Records for processing:
........

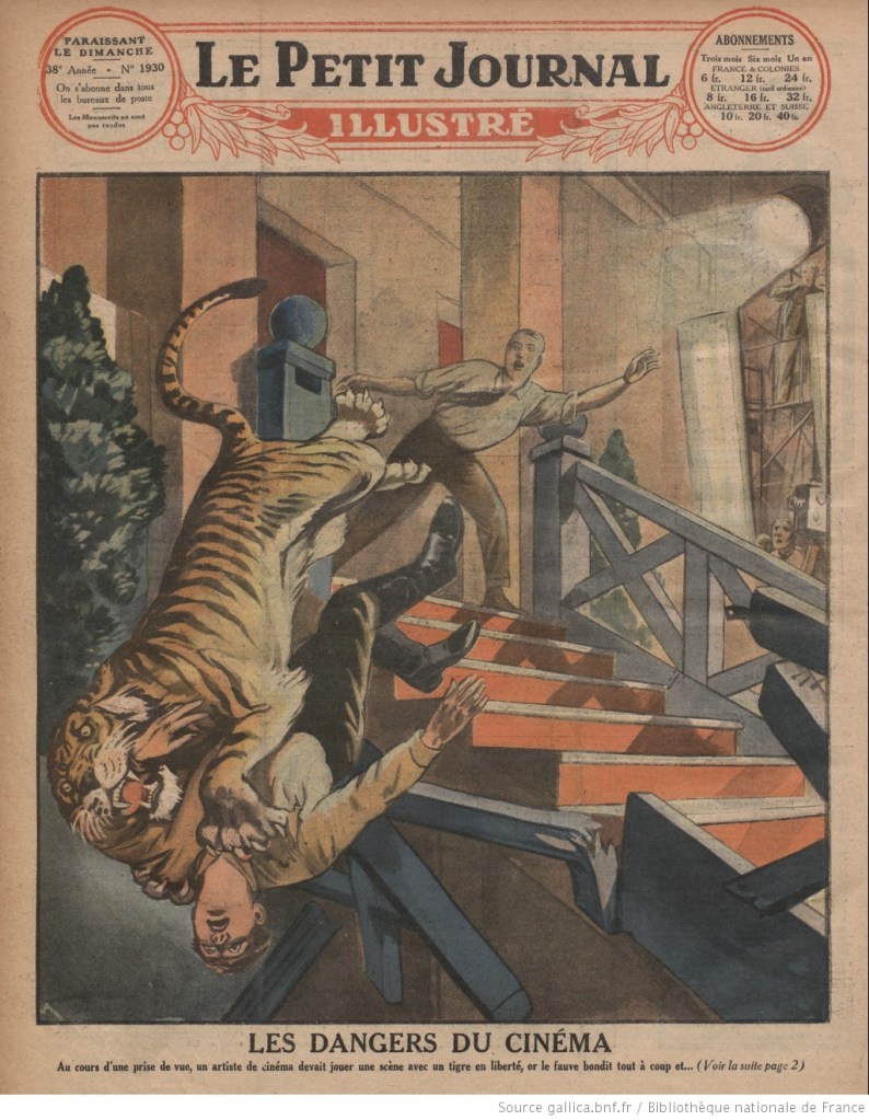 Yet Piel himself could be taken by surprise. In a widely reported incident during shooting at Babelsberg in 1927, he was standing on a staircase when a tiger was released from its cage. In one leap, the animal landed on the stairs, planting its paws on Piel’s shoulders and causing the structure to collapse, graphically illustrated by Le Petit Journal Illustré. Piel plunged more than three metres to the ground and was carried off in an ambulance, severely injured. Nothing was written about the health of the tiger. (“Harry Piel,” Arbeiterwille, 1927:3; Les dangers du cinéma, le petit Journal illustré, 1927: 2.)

........

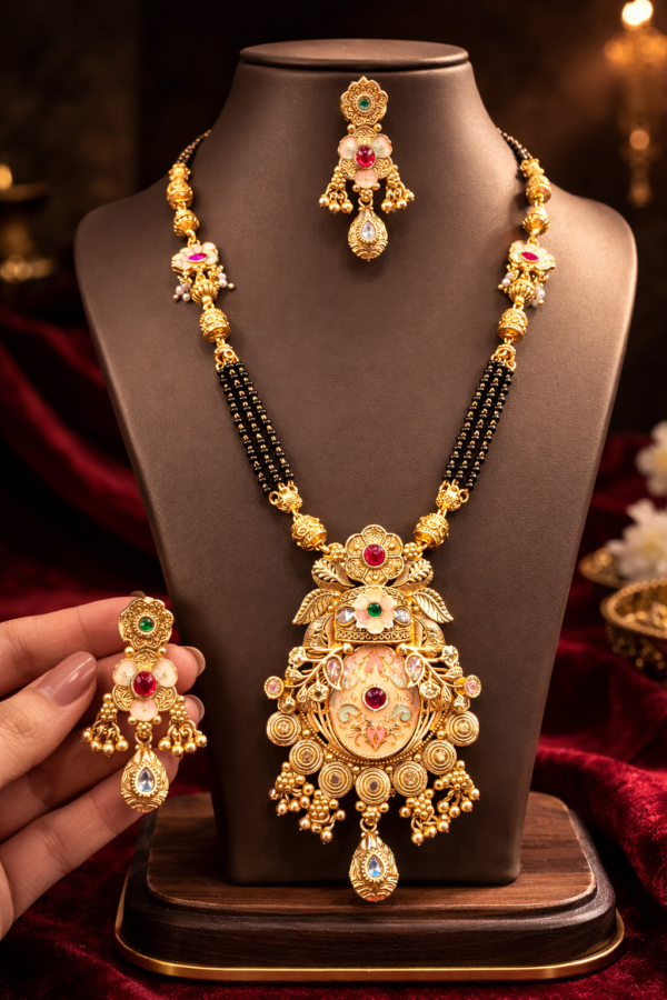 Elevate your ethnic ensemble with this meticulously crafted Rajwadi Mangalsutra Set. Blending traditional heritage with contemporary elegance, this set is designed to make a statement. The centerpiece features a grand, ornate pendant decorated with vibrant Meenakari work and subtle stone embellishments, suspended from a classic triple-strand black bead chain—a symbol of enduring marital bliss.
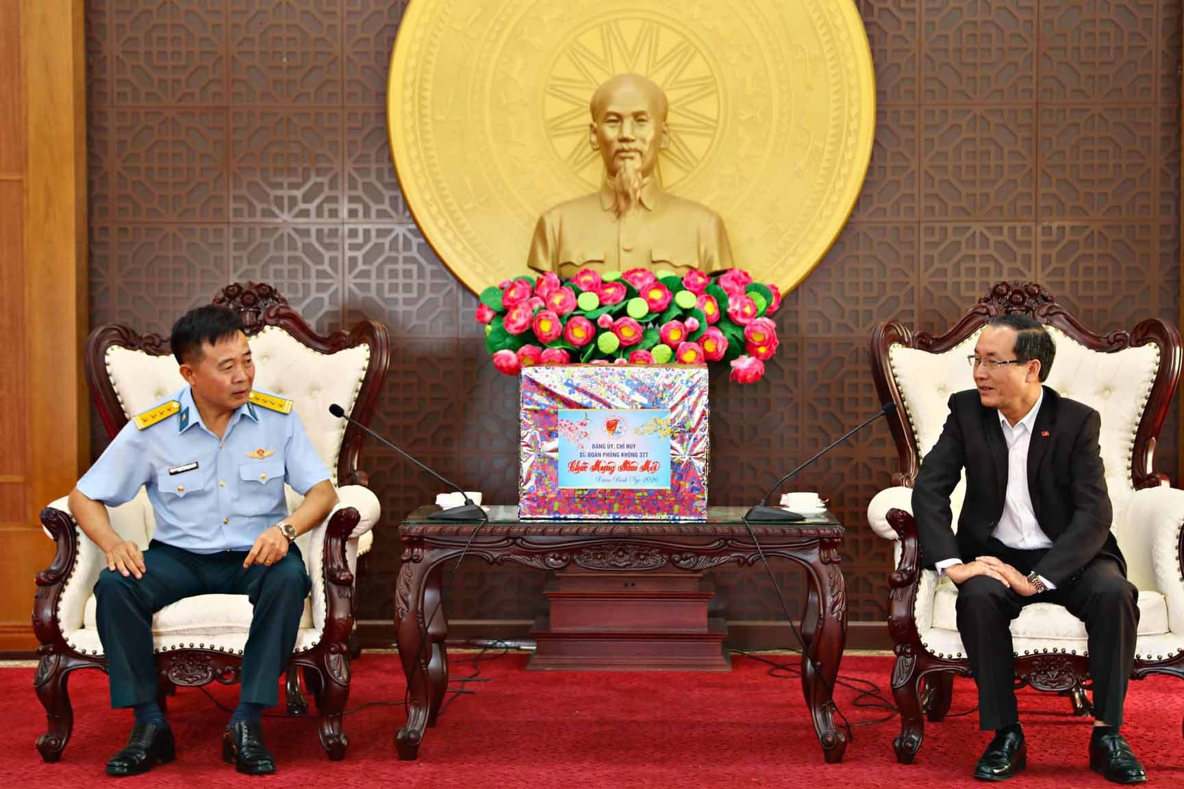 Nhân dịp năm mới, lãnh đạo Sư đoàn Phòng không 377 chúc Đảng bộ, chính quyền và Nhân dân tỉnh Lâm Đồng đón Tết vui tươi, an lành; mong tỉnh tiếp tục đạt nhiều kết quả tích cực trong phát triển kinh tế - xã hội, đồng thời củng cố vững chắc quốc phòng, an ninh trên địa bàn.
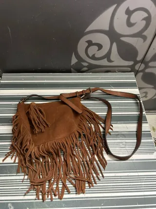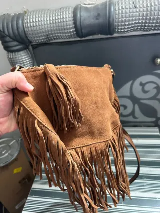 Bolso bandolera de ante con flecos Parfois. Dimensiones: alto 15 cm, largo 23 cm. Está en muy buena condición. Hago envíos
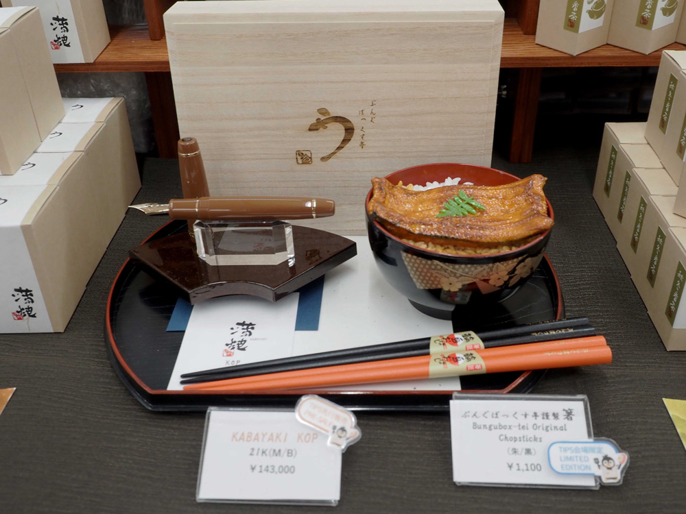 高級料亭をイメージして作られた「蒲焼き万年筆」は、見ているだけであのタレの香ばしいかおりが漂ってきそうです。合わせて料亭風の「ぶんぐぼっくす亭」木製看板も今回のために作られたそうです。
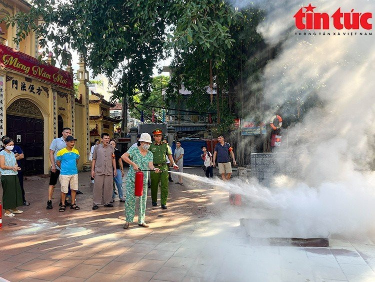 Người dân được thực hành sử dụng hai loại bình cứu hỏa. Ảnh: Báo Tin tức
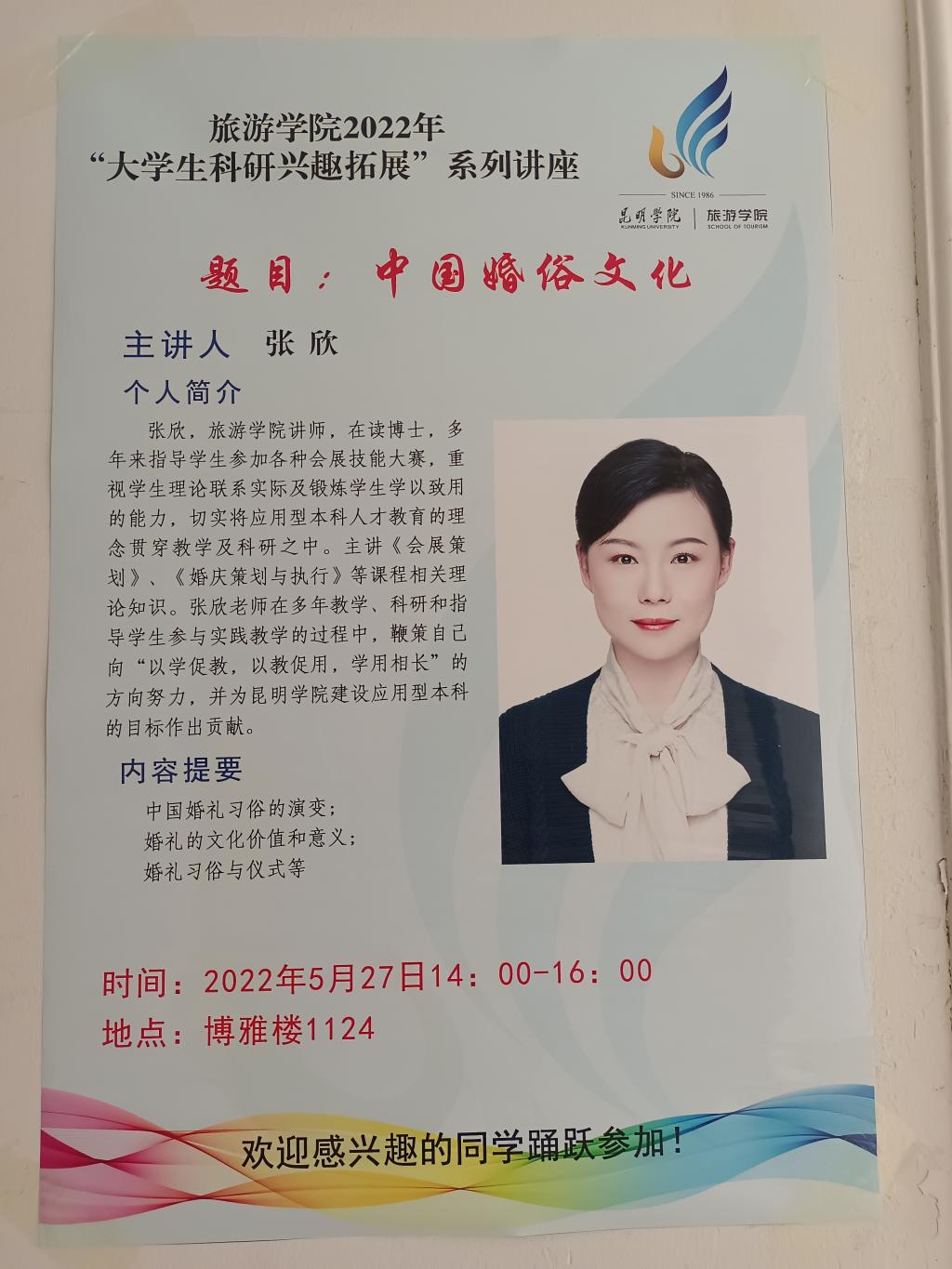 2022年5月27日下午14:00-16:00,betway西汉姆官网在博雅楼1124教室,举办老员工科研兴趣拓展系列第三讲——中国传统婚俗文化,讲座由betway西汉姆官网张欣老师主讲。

........

Exercise requirements:
Only the lines above starting with the line with "Người dân được" and going on through the line with "2022年5月27日下午14" belong in the answer; repeat them exactly, minus any picture.

Written solution:
 Người dân được thực hành sử dụng hai loại bình cứu hỏa. Ảnh: Báo Tin tức
 2022年5月27日下午14:00-16:00,betway西汉姆官网在博雅楼1124教室,举办老员工科研兴趣拓展系列第三讲——中国传统婚俗文化,讲座由betway西汉姆官网张欣老师主讲。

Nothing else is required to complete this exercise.